Dari sana juga, muncul banyak sosok "motivator", dengan cerita masing-masing. Dengan penampilan meyakinkan, mereka sempat jadi bintang yang wara-wiri di televisi.
Saking larisnya, saya ingat, pernah ada satu masa dimana hampir setiap televisi nasional punya acara khusus motivator, dengan maksud menginspirasi masyarakat.
Kalau melihat tujuannya, tak ada yang salah di sini, tapi karena makin lama bentuknya makin mirip khotbah, saya merasa sudah waktunya berkata "cukup".
Bukan karena ini tidak berguna, tapi karena dimensinya terlalu sempit. Kegagalan bisa dianggap sebagai satu dosa, sementara kesuksesan hanya dianggap sebagai satu kewajaran, tidak ada yang spesial, walau sebenarnya itu diraih dengan usaha keras.
Sebagai seorang warga gereja, saya lebih memilih mendengarkan khotbah dalam ibadah di gereja, daripada hanya mendengarkan ucapan motivator dengan tarif hingga jutaan rupiah dalam satu sesi.
Pertimbangannya, khotbah selalu menghadirkan sisi reflektif, dan dari sisi legal (seharusnya) ini dijamin pemerintah.
Soal sumbangan, sifatnya sukarela, semampunya, tapi akan sepenuhnya digunakan untuk kegiatan keagamaan atau sosial. Manfaatnya jelas jauh lebih luas dari hanya membayar seorang motivator, yang kita tak tahu persis, apa dia memang benar mulai dari bawah, atau memang sudah punya previlese.
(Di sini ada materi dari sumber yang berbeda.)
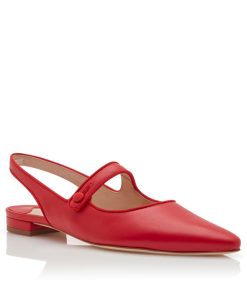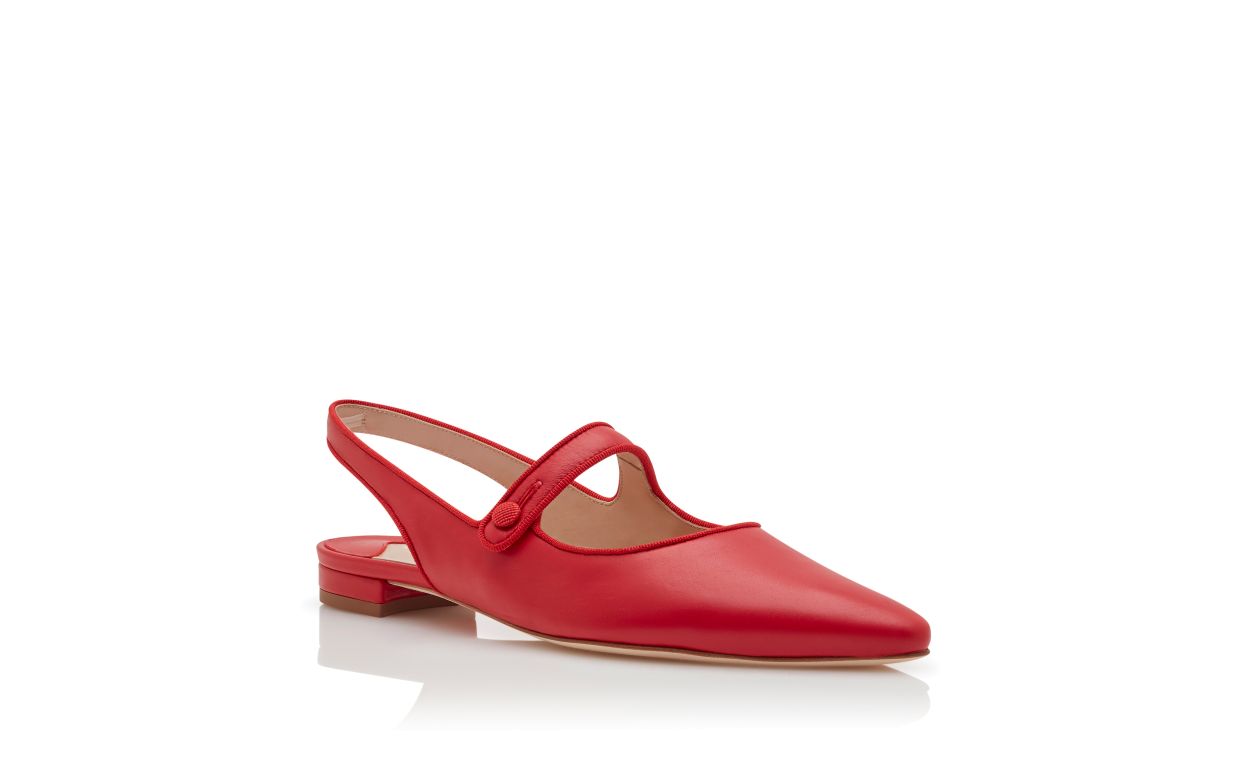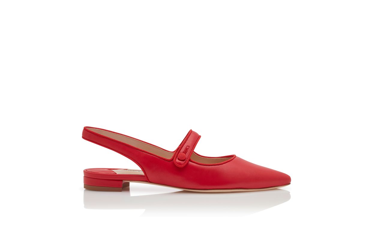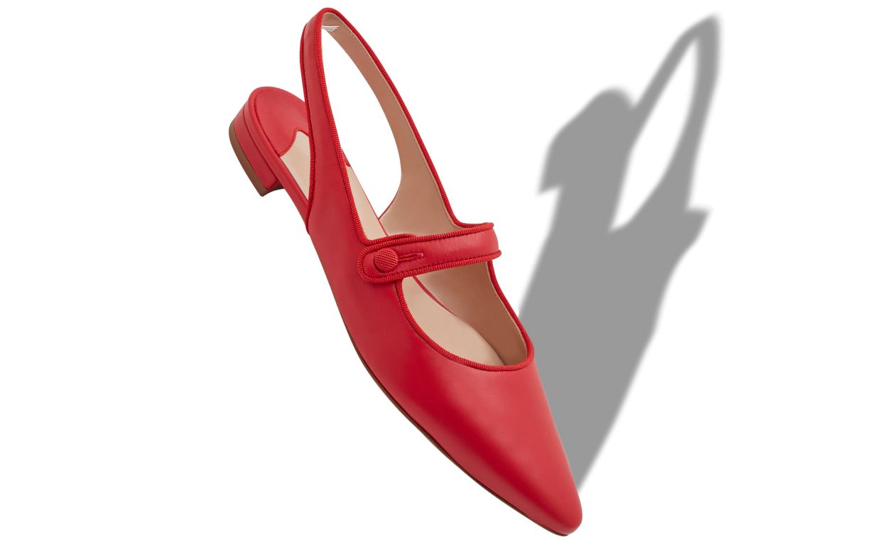 Red nappa leather pointed toe Mary Jane flat pumps featuring red grosgrain edging, front strap with button closure and slingback design. Finished with flat stacked heel.Upper: 100% lamb nappa. Sole: 100% calf leather. Lining: 100% kid leather. Heel measures 10 mm. Italian sizing. Made in Italy.
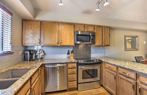Plan your next Rocky Mountain family getaway to this renovated 2-bedroom, 2.5-bath Breckenridge vacation rental! This 3-story 1,276-square-foot townhome features a gourmet kitchen with granite countertops and stainless steel appliances, hand-scraped hardwood floors, a private balcony, wood-burning fireplace, and heated garage. Walk about 2 blocks to the Snowflake Lift for access to Peak 8, hike and bike on numerous trails outside your door, and relax in the 3 community hot tubs and pool!

Soal previlese, pasti ada (barang sedikit) "motivator" yang punya, entah itu dari kondisi sosial, keberuntungan. koneksi atau keluarga. Kalau dia "sukses", itu wajar. Ibarat perjalanan, ia bisa sampai tujuan setelah coba-coba naik aneka ragam moda transportasi tanpa kekurangan ongkos.
Inilah bagian yang kadang dihilangkan, demi menambah daya tarik audiens, sekaligus membuat cerita mereka lebih laku dijual.
Dalam perjalanannya, ketika tren acara motivator di televisi surut, antara lain setelah seorang motivator tersangkut masalah pribadi, saya menjadi satu dari sebagian orang yang merasa lega, karena sudah ambil keputusan tepat.
Jadi, di saat para pengagum motivator itu terguncang, bahkan ada yang hilang arah, tidak ada penyesalan dari orang yang sejak awal "beda jalur" seperti saya.
Malah, kalau boleh sarkastik, kalimat "Gue bilang juga apa.", mungkin jadi hadiah paling pantas diberikan, terutama buat mereka yang sejak awal sudah fanatik buta.
Hal lain yang membuat saya miris dari pendekatan para motivator ini adalah, mereka kadang menanamkan sebuah ambisi yang justru membuat orang gelap mata.
Contoh paling umum bisa kita lihat, dari patokan umur "sukses di usia muda", atau teori "Financial Freedom" yang cukup menghipnotis pikiran.
Kalau sudah kena, bukan kejutan kalau banyak yang menghalalkan segala cara, termasuk menipu dan korupsi, hanya demi mendapat rupiah. Begitu juga kalau ada sikap tidak respek pada pekerjaan orang lain.
Di Indonesia, fenomena ini sempat kita temui dalam beberapa kasus investasi bodong, kalau tidak boleh dibilang "money game", yang memunculkan "crazy rich" gadungan penghisap isi rekening masyarakat.
Saat semua baik-baik saja, mungkin kata-kata motivator itu seperti sebuah doa yang harus diaminkan, tapi tidak saat semua sudah terbongkar.
Karenanya, saya kadang melihat satu cerita sukses, terutama yang kurang komprehensif, sebagai satu informasi "lampu kuning", tidak boleh ditelan mentah-mentah, karena bisa menyesatkan.
Sekali tersesat, bahaya. Banyak yang bisa jadi korban berikutnya, dan semakin luas juga dampak kerusakannya.
Mungkin, inilah salah satu alasan, kenapa orang sering menyebut, kewaspadaan itu penting, karena lidah tak bertulang dan pikiran rawan termanipulasi.